Async Rust does definitely work for non-toy use cases. As a data point, we use Embassy for all production firmware at my startup (https://akiles.app/en), using async tasks for everything: Bluetooth, TCP/IP networking, motor control, user interface (LEDs, keypad), a key-value database in flash, stats collection... Async helps with battery life too since it allows putting the core to sleep when no task has work to do, it allows us to build devices with 1-2 years of battery life.
There's other companies using Embassy in production. Sadly firmwares are usually not open source. There's a few non-toy open-source projects using Embassy though:
RTIC (Real Time Interrupt-driven Concurrency) is an RTOS written in Rust with specific hardware acceleration for Cortex-M devices. Well, depending on what your definition of an RTOS really is. If you don't like async then its a pretty good bet to get concurrency working on an Arm Cortex-M microcontroller.
This article about async in Python helped me understand it pretty well, since it explains them in terms of coroutines, which are very intuitive for me: https://mleue.com/posts/yield-to-async-await/
Another thing that helps me get it is comparing it to the continuation passing style, where you never return from a function, you just take an argument that's basically a function pointer bound to an environment, and at the end of the function, instead of returning, you call your input function, giving it another function and environment as input, repeating the cycle. It's very similar to the transformation of callbacks within callbacks within callbacks pattern in JavaScript to the async/await pattern.

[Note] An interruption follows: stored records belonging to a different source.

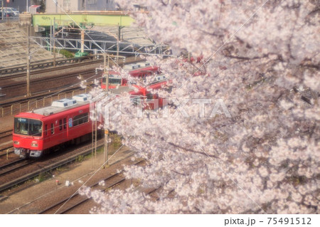 金山公園の満開の桜と名鉄電車
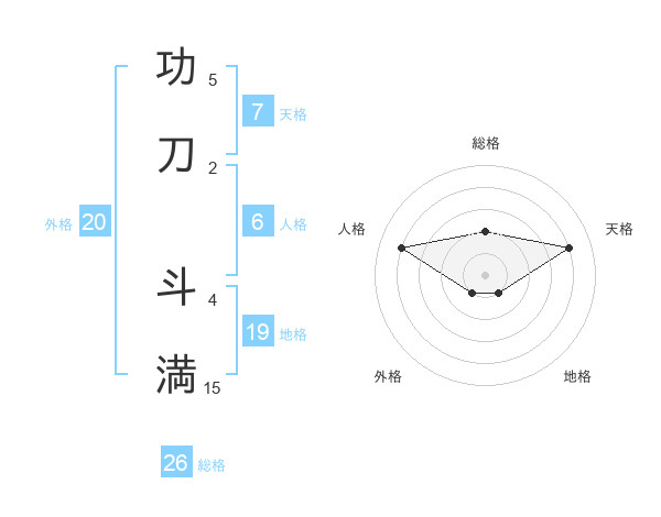 功刀 斗満さんの総格は26画の2点!
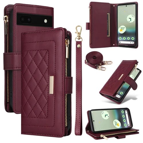 Funda de Cuero con Diseño de Rombos y Billetera Cruzada con Cremallera para Google Pixel 7A (Rojo Vino)
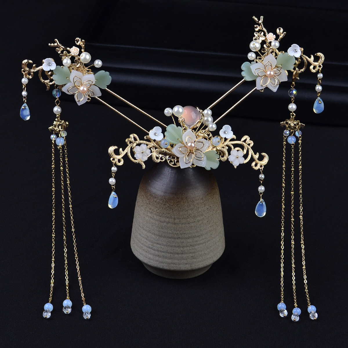 Hanfu headdress hairpin tassel full set of ancient style hair crown suit Bu Shao ancient costume hairpin hair crown suit Hanfu jewelry
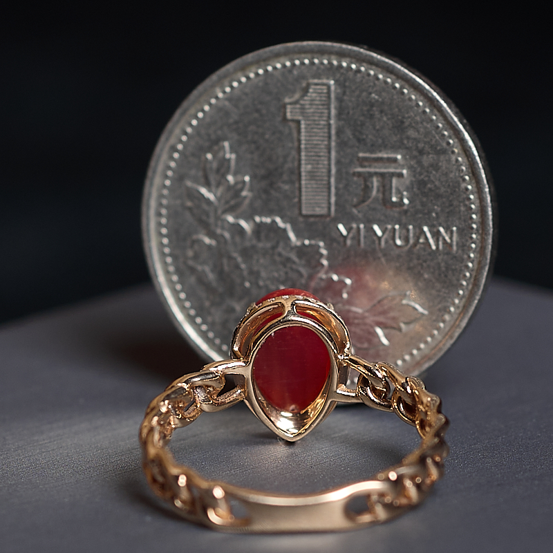 • [名  称] 18K阿卡牛血红珊瑚水滴戒指
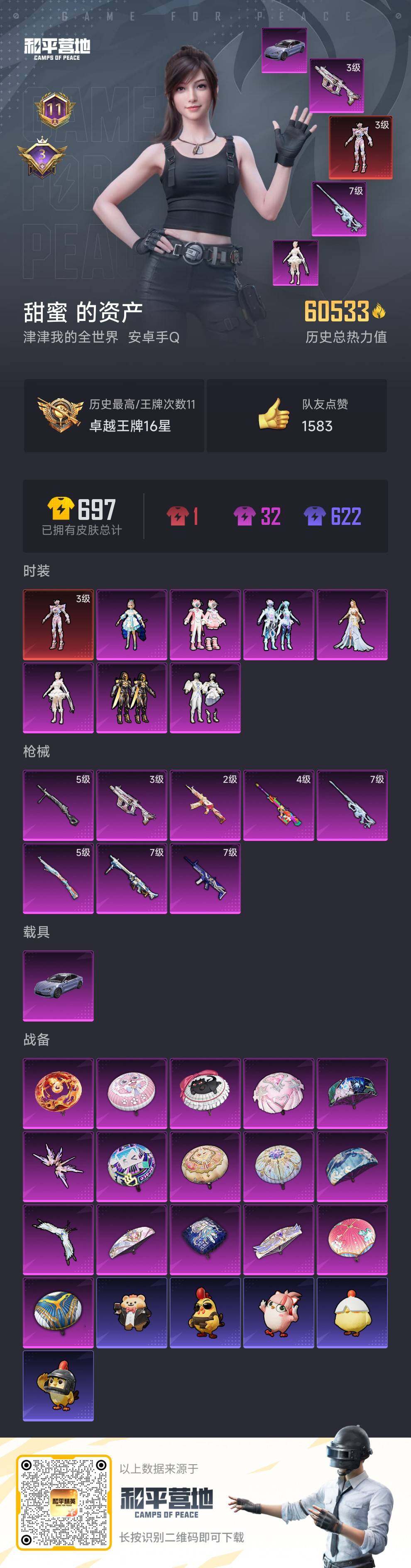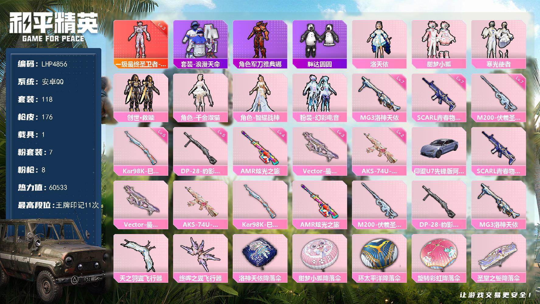 [15614571]【店主推荐捡漏号!可直接换绑】安卓 手Q-1神装-7粉装-8特效枪-1载具-2粉色飞行器-6.5w热力值-11王牌印记-118套装-176枪皮
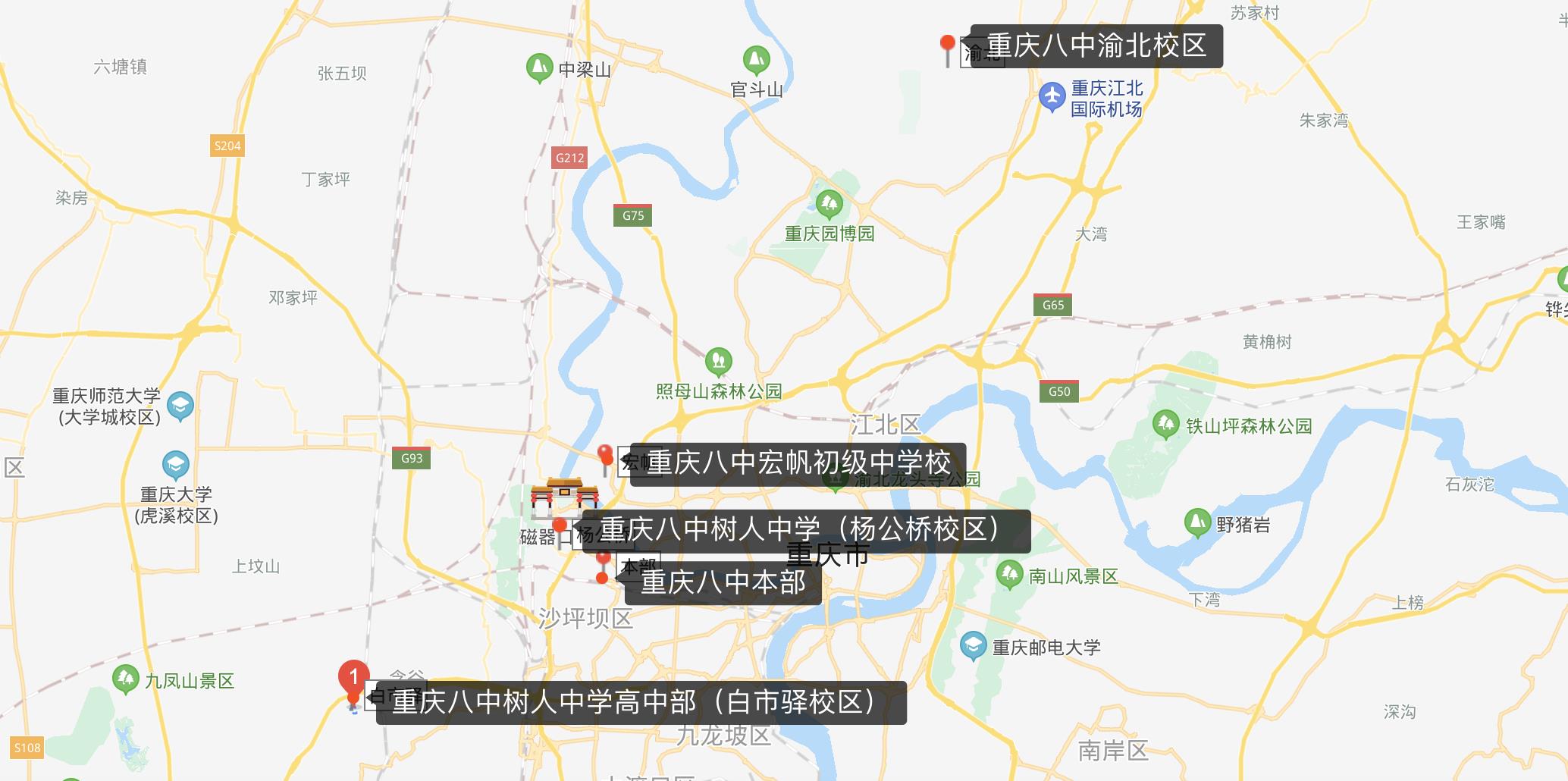 重庆八中各分校分布情况

The thing is, we tried coroutines in C (embedded) y-e-a-r-s ago. It was all the rave for a bit. There were a couple different macro/libraries you could use with duff's device and other trickery to get coroutine-ish things in C.
Maybe the implementation just wasn't up to where it needs to be with these newer/slicker/more integrated versions, but mine (and others') issues with them wasn't the weakness/caveats of the implementation, but rather with the mess of spaghetti it made as your coroutine use grew with any degree. In onesie twosies under nice demo cases (look ma, I get some data from the intertubes with this syncy thing), they're great, but my experience was that they're a mess when scaled.
I'm happy to be proven wrong. I get to use them a bunch in Kotlin, I'm trying not to be a victim of my experience. I'm still on the fence.
> but mine (and others') issues with them wasn't the weakness/caveats of the implementation, but rather with the mess of spaghetti it made as your coroutine use grew with any degree.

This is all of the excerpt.